发布时间：2018-01-10 10:17

本文关键词：基于Spark的空间数据平台系统的设计与实现　出处：《山东大学》2017年硕士论文　论文类型：学位论文

【摘要】：空间数据,也被称为地理数据。空间数据是可以由地理坐标系位置表示的感卫星监测产生的地理信息,如河流,湖泊,城镇。移动通信网络中的手机通话信息,城交通网络中的安装有GPS的车辆位置信息,社交网络中产生的带有位置的信息。充分分析和利用这些空间数据将会在环境处理,通信安全和交通规划等领域具有重要作用。物理对象的信息。当前,众多行业持续不断地产生了大量的空间数据。随着大量有价值的空间数据的产生,使用适应于大规模空间数据处理的工具对空间数据进行分析与处理的需求越来越迫切。但是,当前的关系型数据库技术和分布式计算系统却并不适合于处理空间数据。空间数据索引结构不适合用关系数据库表达,从而导致关系型数据库处理空间数据查询操作效率低下。由于MapReduce编程模型的缺点,现有的基于HDFS和MapReduce的分布式数据分析框架处理交互式查询和迭代操作时速度较慢。MapReduce模型使用如下方式对数据进行处理:首先从集群磁盘中读取数据到内存,对执行计算,然后将结果从内存写到集群磁盘,作为下次计算的输入。
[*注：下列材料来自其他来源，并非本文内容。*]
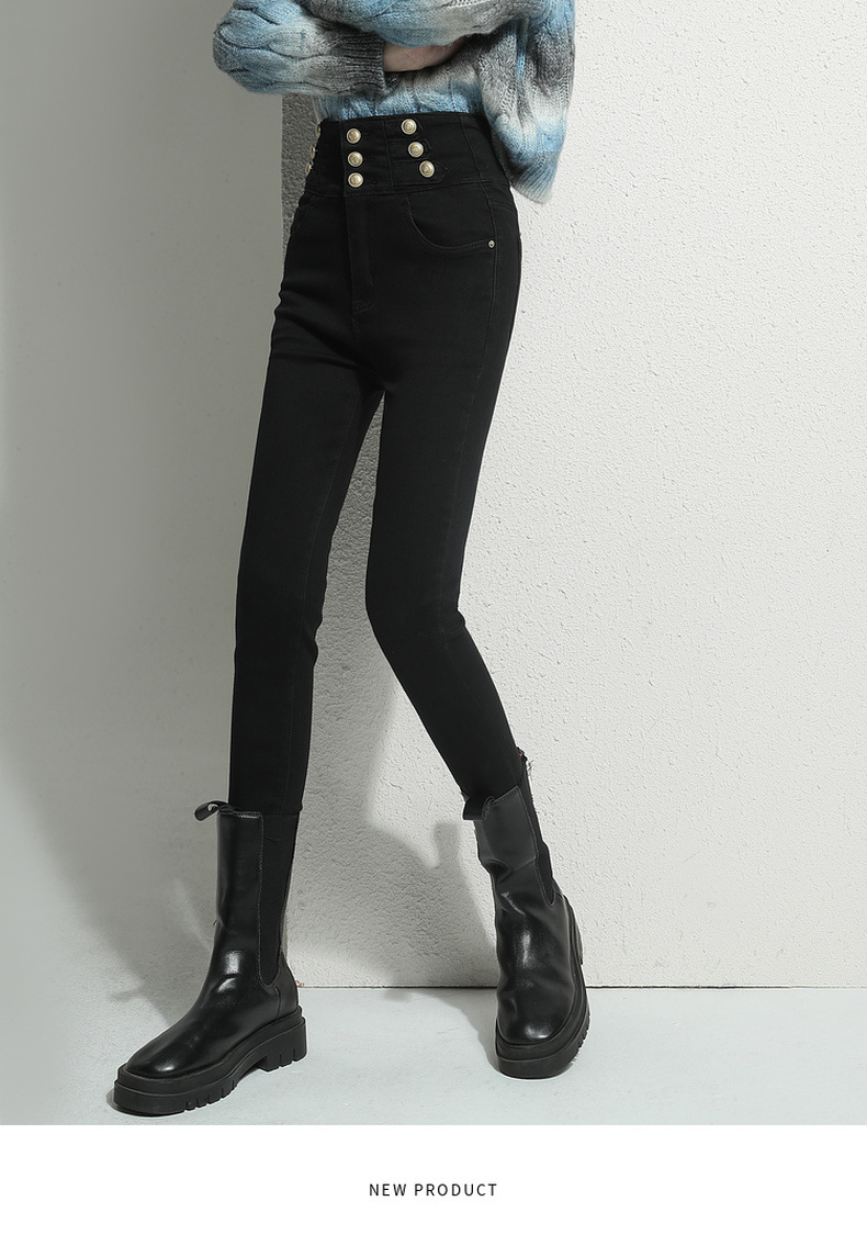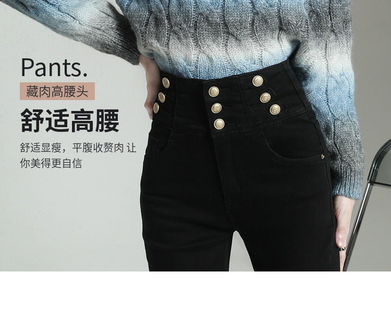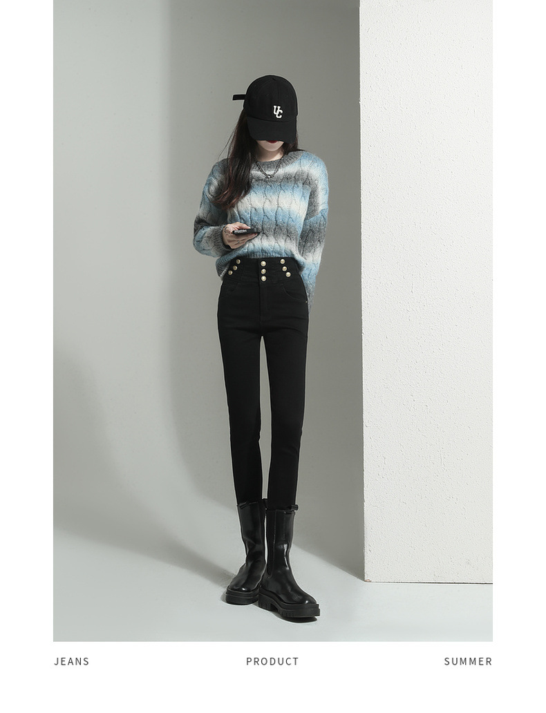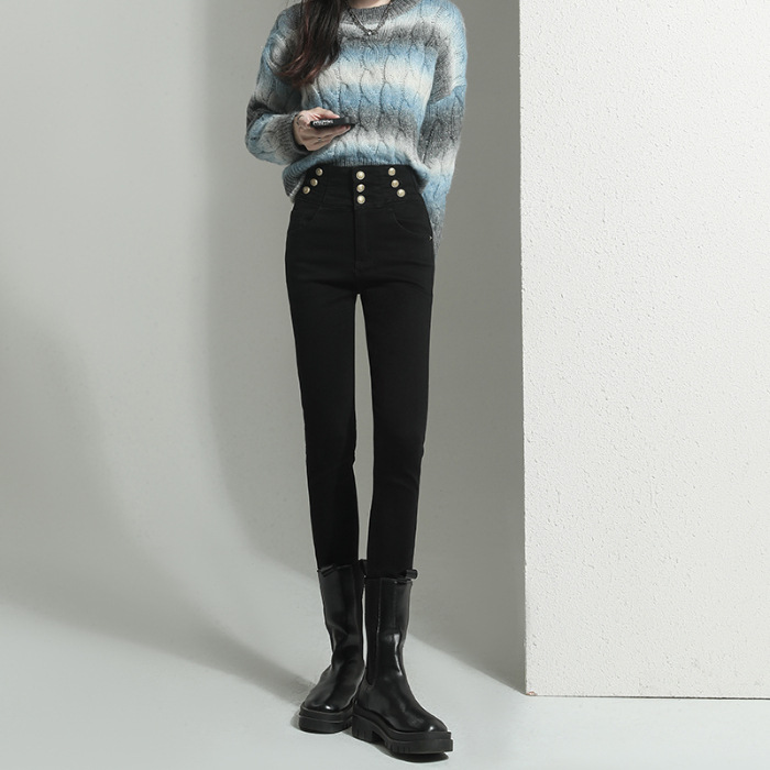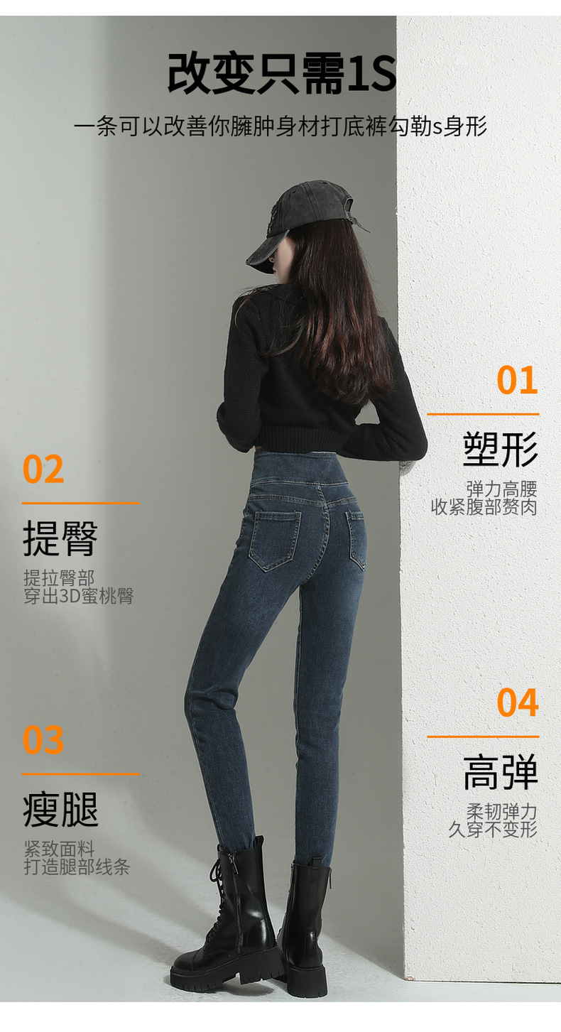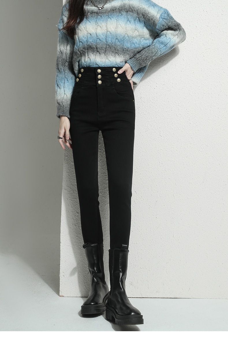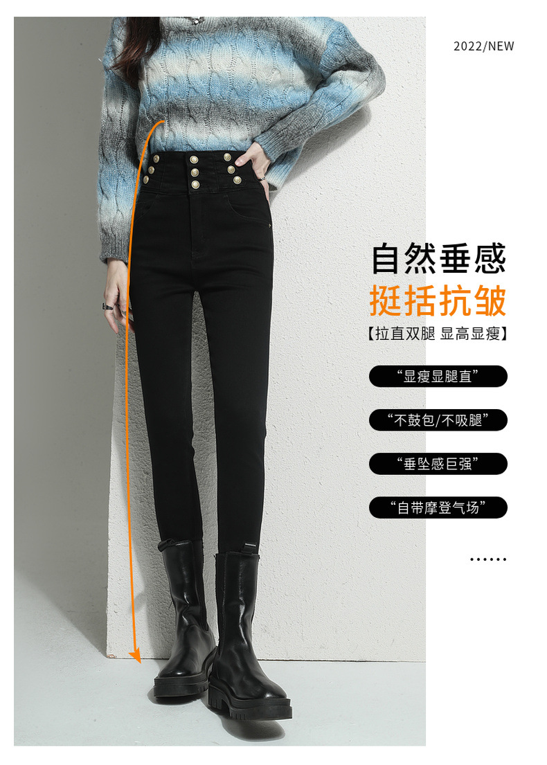 검은 청바지 여성용 스키니 팬츠 2023 새로운 봄과 가을 높은 허리 슬리밍 겨울 스트레치 기모 바지스토어 가기

每次计算过程产生的冗余磁盘读写开销使得基于MapReduce的算法实现存在严重的性能问题,无法满足用户对大规模空间数据实时分析的要求。Apache Spark是一个新兴的集群计算框架,与MapReduce框架相比,Spark提供内存迭代计算功能。计算数据可以常驻内存而省去磁盘I/O时间。在交互式查询环境中,比目前最流行的并行计算工具Hadoop快100多倍。随着Spark框架不断的更新与发展,研究人员开始通过扩展Spark实现对空间数据的分布式查询处理。GeoSpark和SpatialSpark是目前为止最先进的系统。他们通过扩展Spark实现了空间数据的分布式存储的查询操作。这两个系统的系统框架类似,都主要由三层组成:空间数据存储层,数据索引层和查询处理层,空间数据存储层实现对大规模空间数据的分布式存储。数据索引层将传统的空间索引技术应用于分布式存储的空间数据集群。查询处理层对用户提供空间查询操作接口,通过索引层和存储层,实现空间数据分析。提供的查询操作包含区域查询,空间关联查询和空间k最近邻查询。但是GeoSpark和SpatialSpark在设计上仍然存在一系列缺点,导致最终的查询性能不高。本文,我们通过全面改进上述系统架构,分别使用了新的空间数据分区策略,索引结构和查询处理技术,设计并实现了一个新的基于Spark的空间数据计算系统Spark-GIS,全面的实验表明,Spark-GIS比上述系统具有更高的查询性能。Spark-GIS的主要创新包括以下三个方面:1.在空间数据存储层,设计并实现了一个新的空间数据分区策略,使用新的分区策略实现的空间数据分布式存储为上层的空间数据查询提供了更好的支持,确保空间数据查询时避免工作负载均衡问题。2.在空间数据索引层,设计并实现了一种基于Voronoi图的R树空间索引结构,与R树相比,在未降低系统空间查询性能同时,大大减少生成空间索引结构的时间和空间索引结构的大小。3.在空间数据分析层,通过结合改进的空间数据分布式存储策略,空间索引技术,实现了基于Spark的并行空间数据查询算法,能够为用户提供海量高并发的空间数据交互式查询。包括空间区域查询,空间联接查询和空间k最近邻询。最后,我们对Spark-GIS,Spark和GeoSpark进行了全面的对比测试。测试数据是数量为亿级别的移动电话通话记录数据。实验结果显示Spark-GIS空间查询操作性能全面优于目前为止最先进的系统——GeoSpark,尤其在空间区域查询和空间联接查询方面,性能比GeoSpark改善了多个数量级。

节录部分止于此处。